Supplied data:
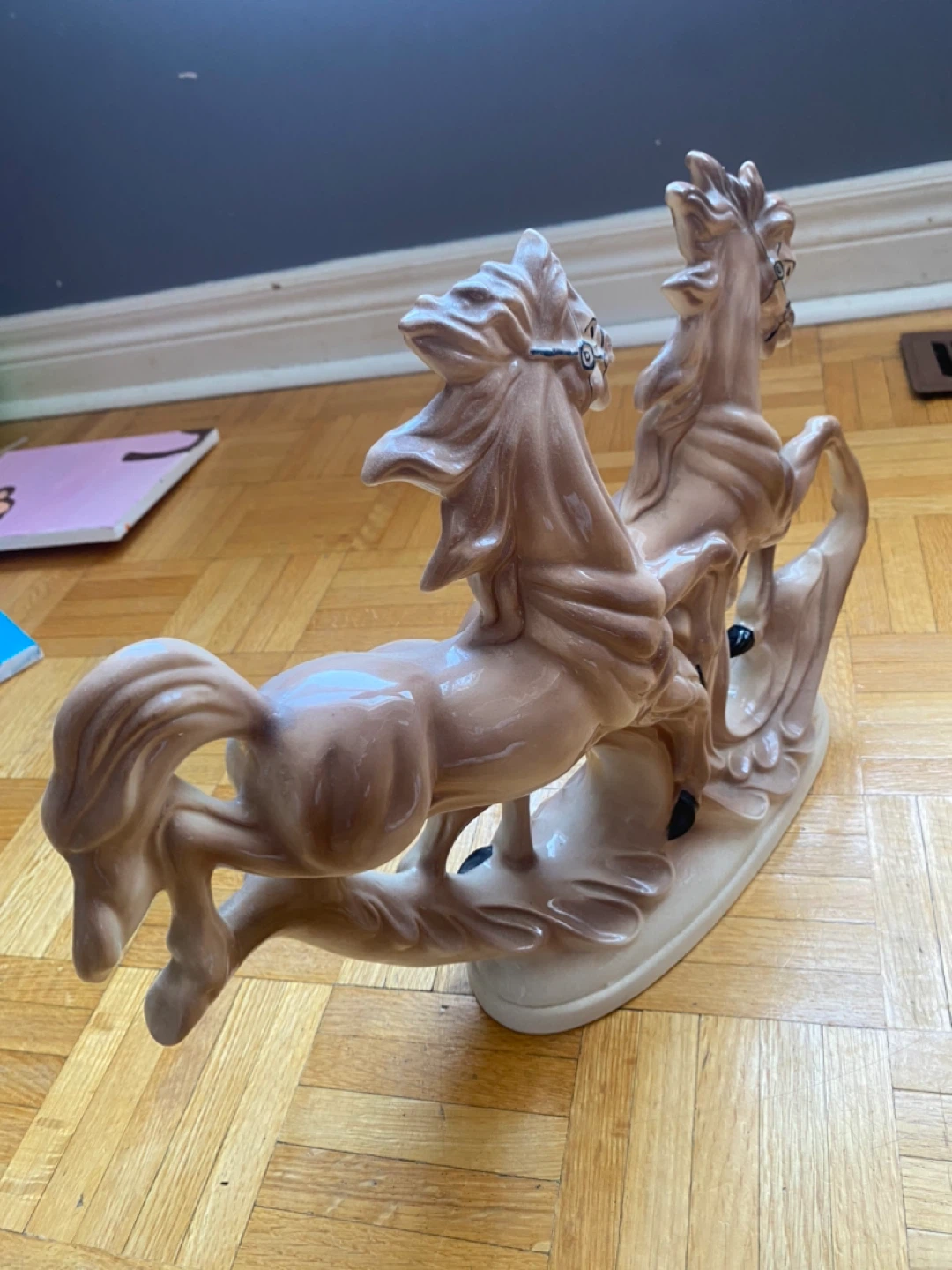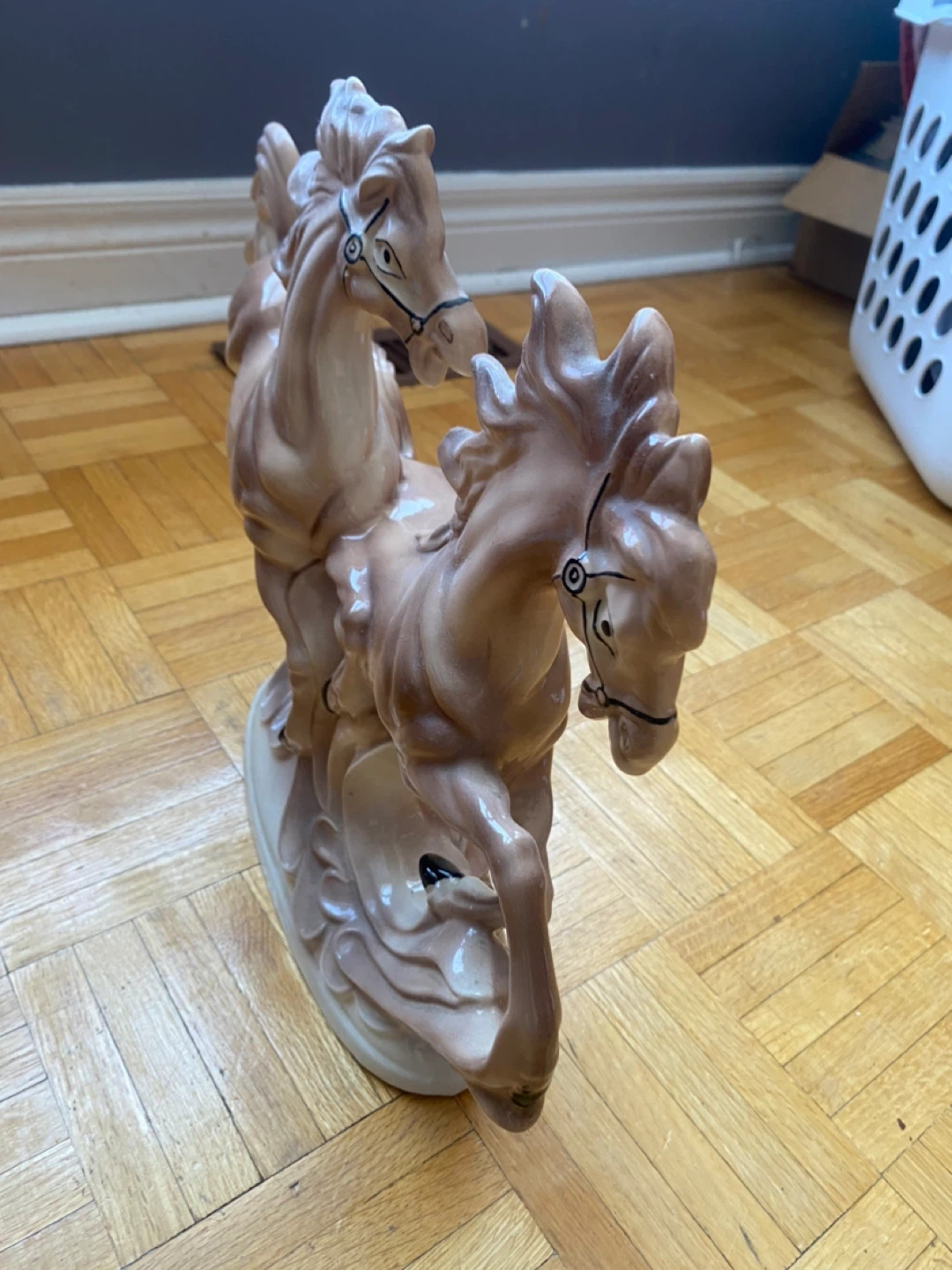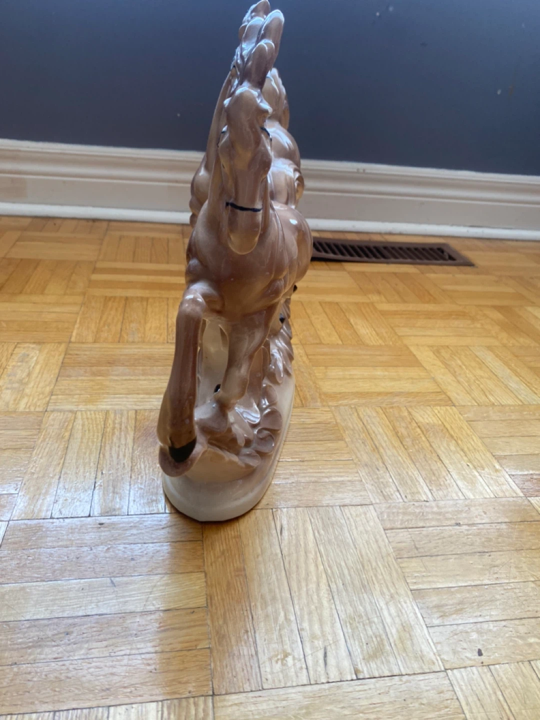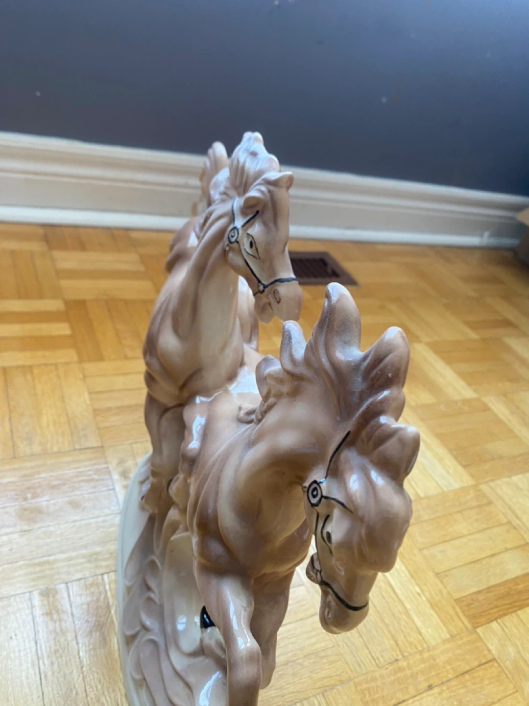This is a ceramic statue featuring two horses. It measures approximately 11 inches tall. It's a nice decorative piece.
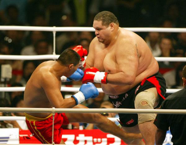 这位相扑手名叫亚伯勒,他是相扑界最重的选手,体重甚至一度达到了415公斤,相比上面的移动沙包曙太郎,亚伯勒的成绩似乎要好一些,他第一次参加MMA比赛就是打UFC,虽然输掉了但是打得并不差,后来他又参加了修斗和PRIDE的比赛,击败了日本拳手中野达夫,最终MMA战绩为1胜2负。
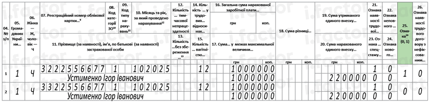 - Для виправлення помилки в податковому номері, а також усіх несумових помилок, крім П. І. Б. працюючого працівника, застосовується єдиний принцип: виключення помилкового рядка (ознака «1») та введення правильного рядка (ознака «0»).
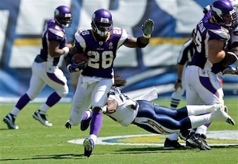 It's one of the greatest single-game performances by a running back in NFL history. Against the San Diego Chargers, rookie Adrian Peterson carried 30 times for 296 yards and two touchdowns.
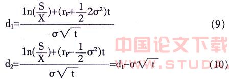 其中:C是欧式看涨期权的价格,S是股票价格,X为期权的执行价格,t是期权距到期日的时间,rF为无风险利率, N(d1)和N(d2)表示累积正态密度函数,
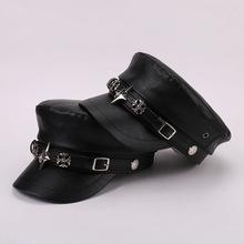 Kujo Jotaro cos estilo punk sombrero de copa plano hombres y mujeres personalidad cuero remache largo estampado leopardo plateado gorra de béisbol
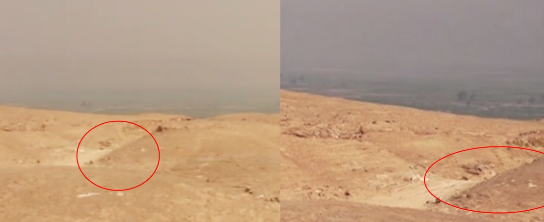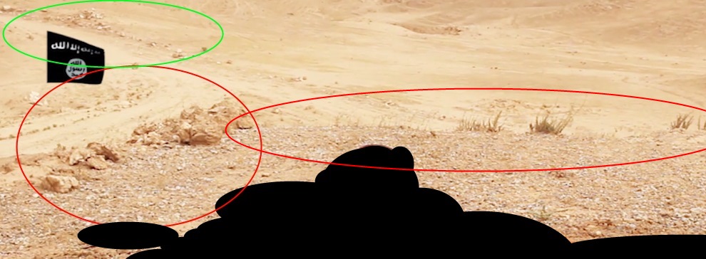 با توجه به وضعیت سایهها در فیلم، به نظر میرسد که فیلم در صبح برداشته شده در حالی که دوربین رو به شمال در حال فیلمبرداری بوده. بر همین اساس هم عاقلانه به نظر میرسد که اگر در محلی با تپههای فراوان در جنوب رقه به دنبال محل اعدامهای داعش بگردیم.

Problem details:
Restate the lines above from the one containing "其中:C是欧式看涨期权的价格" through the one containing "Kujo Jotaro cos", inclusive, exactly and without pictures.

Expected answer:
 其中:C是欧式看涨期权的价格,S是股票价格,X为期权的执行价格,t是期权距到期日的时间,rF为无风险利率, N(d1)和N(d2)表示累积正态密度函数,
 Kujo Jotaro cos estilo punk sombrero de copa plano hombres y mujeres personalidad cuero remache largo estampado leopardo plateado gorra de béisbol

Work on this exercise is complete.